I ran a ludicrously complex engineering project (and survived)
jcreenaune
Posted on December 12, 2018
Picture boring a new subway tunnel while the city above you goes on about its business, oblivious to the machinations under the surface. That’s pretty much the project we completed earlier this year. Only we were working in the cloud.
Solid software engineering principles are the key to delivering massive, complicated projects – like rearchitecting Confluence and Jira to be stateless, multi-tenant cloud applications. It was the largest single program of work Atlassian has ever undertaken, clocking in at three calendar years, which equated to several hundred dev years. But we also did it without disrupting existing customers, most of whom weren’t even aware of the giant architectural change happening beneath them.

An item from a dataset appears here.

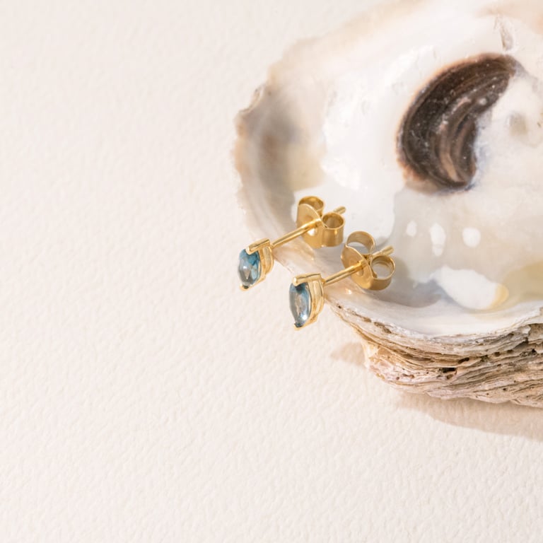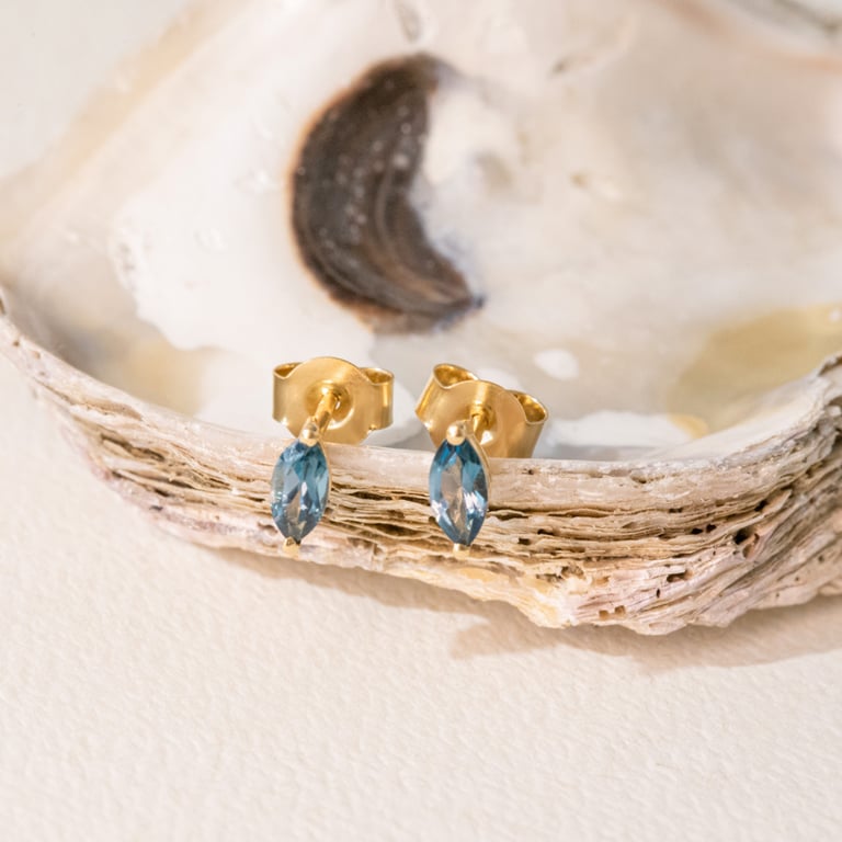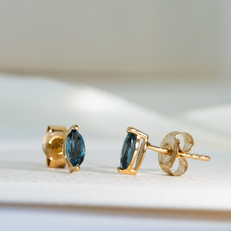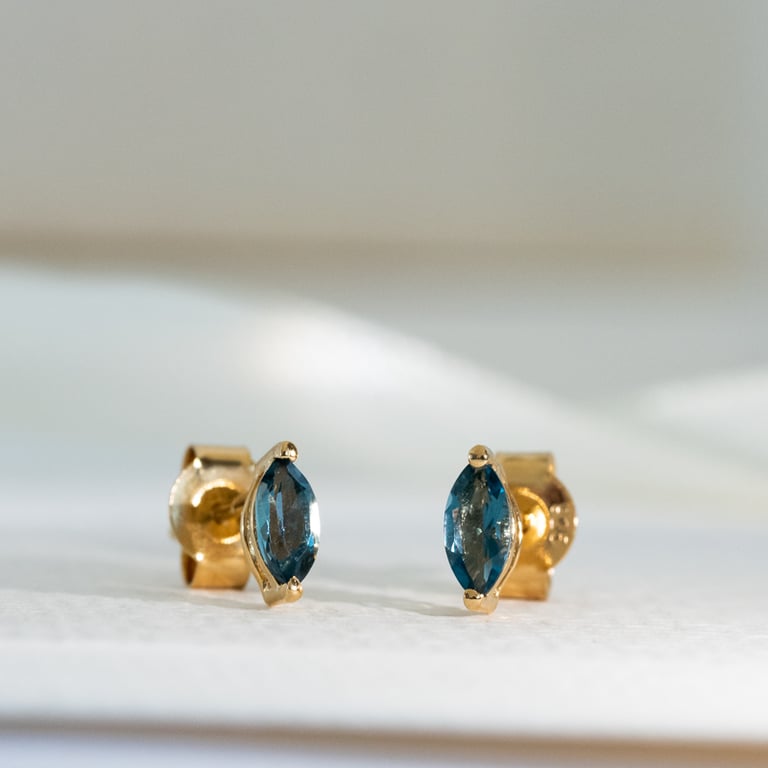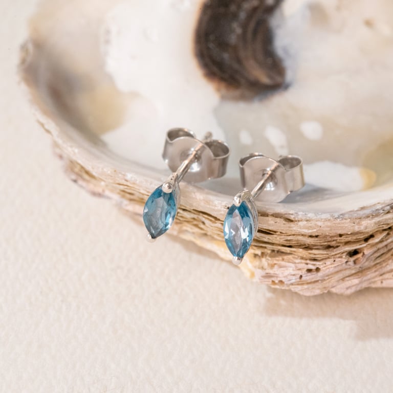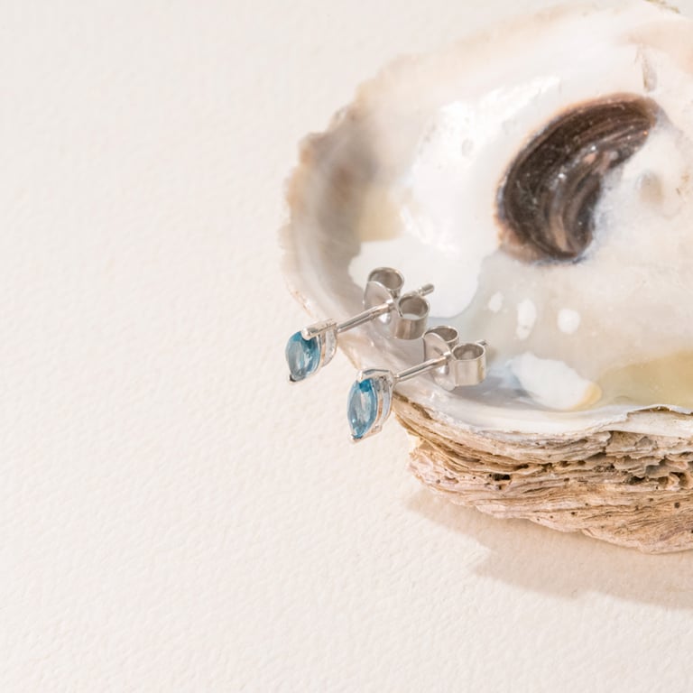 • die Topase in Londoner Blau in Marquise-Form geschliffen wirken besonders elegant

This was the type of project that can lead to ulcers and sleepless nights if not run properly. After we described the size, scope, and aggressive timeline to one of our cloud engineering managers, they responded with “I really like the idea, but it’s giving me vertigo”.
We did a bunch of things right to make this giant program work. Chief among them are the four engineering principles we used to plan and execute the project:
All-in – This was a massive program and it needed the entire company, from exec to intern, behind it.
Attack the riskiest assumption – Don’t think “MVP.” Think about what the riskiest part of the entire program is, and focus on that until it’s no longer the top risk.
Incremental, even when it hurts – Reduce risk by breaking the migration into as many small parts as possible, even when that increases dev time.
Sprint to 100% – In this program, the payoff was when we could completely stop deploying to the old infrastructure. Don’t slow down or lose focus until you are done, done, done, and done.
These, along with our company values (especially “don’t f37k the customer” and “build with heart and balance”), formed the foundation for the entire project.
First, some background. Jira’s first lines of code were committed in 2002. Confluence followed in 2004. Very few customers were ready to host mission-critical data in the cloud back then, so it made sense to design them as single-tenant applications to be hosted on customers’ own servers. In 2007, we started offering Confluence and Jira SaaS options, which continued to evolve. But everything was a tweak that used containerisation to isolate that single-tenant architecture separately for each individual cloud customer. Fast-forward to 2015: more and more customers are moving to the cloud, and it was clear that this single-tenant architecture could not scale to their needs – especially if you project outward about 15 years. We needed to rearchitect Confluence and Jira to be true multi-tenant, stateless cloud applications. Or, slowly crumble under a mountain of technical debt.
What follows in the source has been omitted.